Владимир Тольц: Если коротко, то «общая ситуация», о которой говорит Федор Лукьянов, сводится к тому, что на современном «историческом фронте» давно, еще с советских времен, ведется некая русско-польская война, важнейшей составляющей которой, помимо прочего, является тот самый «политический подтекст», о котором упомянул Михаил Швыдкой.

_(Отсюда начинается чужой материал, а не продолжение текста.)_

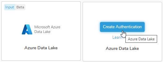 - Hover over the Microsoft Azure Data Lake connector and selectCreate Authentication.

В России до сих пор то припоминают полякам «польскую интервенцию» начала 17 века, то вдруг напишут о «вечных бесчинствах католической Польши на оккупированных православных землях». И даже о несчастных жертвах Катыни, признав, после того, как это признало начальство, что они убиты вовсе не гитлеровцами, а Советами, нен-нет, да и подпустят, что расстрелянные – вовсе не цвет польской нации, а так – жандармы и прочее… Ну, а поляки, в свою очередь, находят в современной российской жизни прежде всего продолжение исторических изломов советского прошлого. Юзеф Шанявский говорит:



Юзеф Шанявский: Если президент России – это человек НКВД Владимир Путин, то как же может быть иначе? Я специально сказал НКВД, а не КГБ, поскольку это в принципе то же самое – преступная организация. По-моему, Владимир Путин и теперь не отрекся от России Сталина. И это несмотря на то, что в Советском Союзе были уничтожены десятки миллионов собственных граждан. Как же это иначе назвать, как не преступлением и геноцидом? Кроме того, до сих пор останки Сталина лежат в Кремлевской стене. И это для теперешних властей России нормально. Говорят, что президент Белоруссии Лукашенко – это диктатор, но по сравнению со своим российским коллегой он просто ребенок. Настоящий диктатор, который управляет Россией, через Лукашенко так же Белоруссией – это Путин.



Владимир Тольц: На этом фоне двусмысленное отношение российской историографии к осеннему польскому походу Красной Армии в 1939 году, к массовому катынскому убийству, которое вопреки польским требованиям российские власти отказываются признать геноцидом, усугубляюще влияет не польские представления о том, что современная российская политика по отношению к Польше - прямое продолжение советской…



Юзеф Шанявский: Конечно, влияет. Для поляков это фундаментальный вопрос. Поляков погибло значительно больше, чем в Катыни. Если катынское преступление не считать геноцидом, то что вообще такое геноцид? Хотя если в Кремле правит советский офицер КГБ, именно советский, то что же здесь можно ожидать?



Владимир Тольц: По мнению многих поляков, не склонных забывать красноармейского удара осени 39-го, первый шаг к смягчению напряженности на нынешнем русско-польском историческом фронте должны сделать россияне. Профессор Юзеф Шанявский говорит:



Юзеф Шанявский: Они должны признать, что главным союзником Иосифа Сталина был Адольф Гитлер, Советского Союза – Третий Рейх, что без пакта Молотова-Риббентропа не было бы раздела Польши. Никто другой такого шага сделать не может, поскольку они сами являются жертвами советской России.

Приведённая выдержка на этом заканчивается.